- _Work item_
Would you retype the whole listing verbatim, keeping pictures out of it?

- _Data section_

——

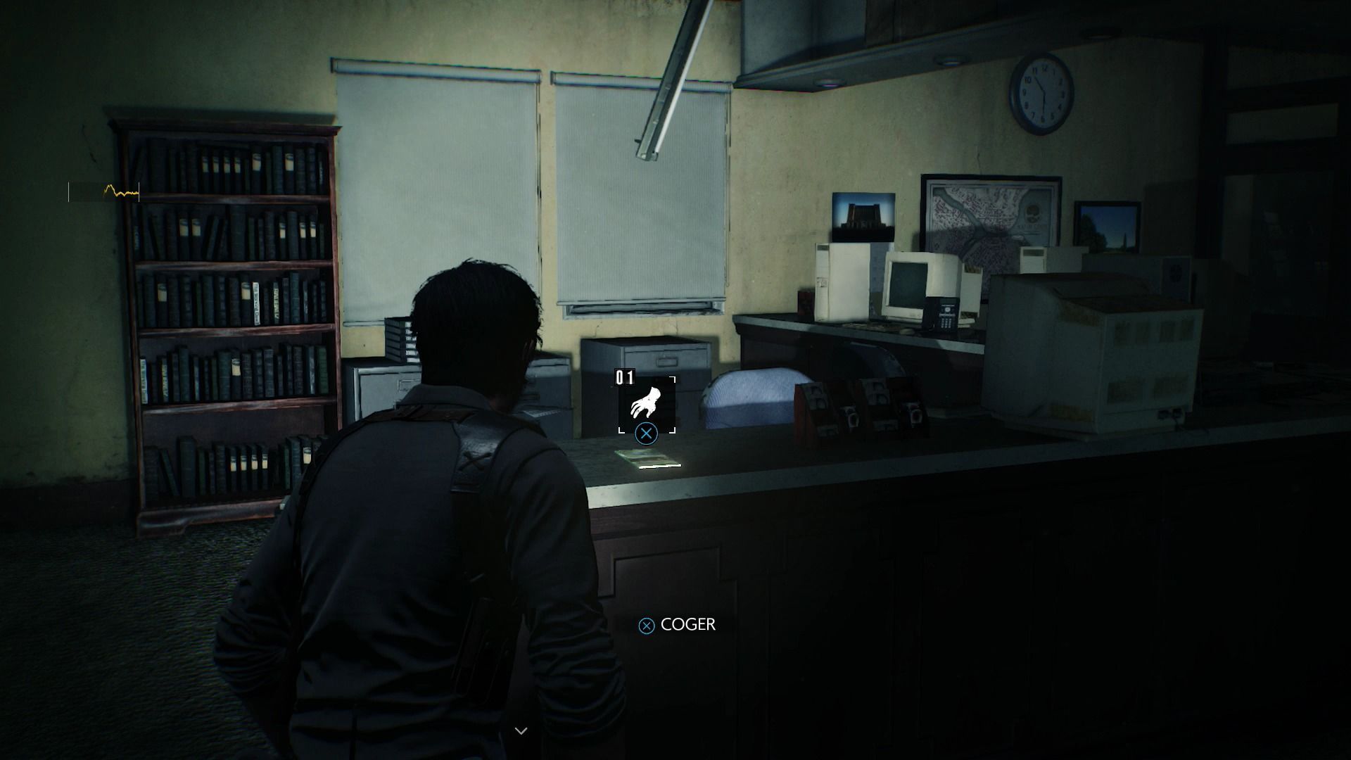 Tras recoger el coleccionable anterior avanza por el túnel hasta llegar a otro pasillo. Según llegas entra por la puerta de la derecha y mira encima del escritorio que verás a tu derecha.
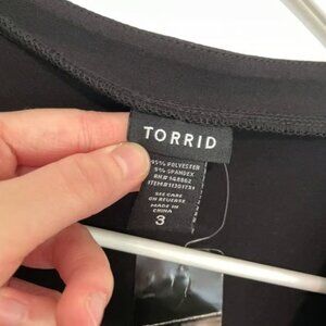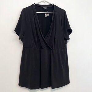 NEW NWT TORRID 3 Plus Size Jersey Knit Faux Wrap Top Black Short Sleeve NO BELT
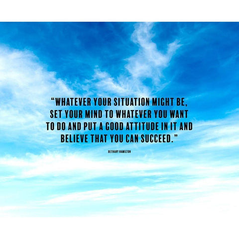 Bethany Hamilton Quote: Good Attitude White Modern Wood Framed Art Print by ArtsyQuotes

——

- _Result of the exercise_
 Tras recoger el coleccionable anterior avanza por el túnel hasta llegar a otro pasillo. Según llegas entra por la puerta de la derecha y mira encima del escritorio que verás a tu derecha.
 NEW NWT TORRID 3 Plus Size Jersey Knit Faux Wrap Top Black Short Sleeve NO BELT
 Bethany Hamilton Quote: Good Attitude White Modern Wood Framed Art Print by ArtsyQuotes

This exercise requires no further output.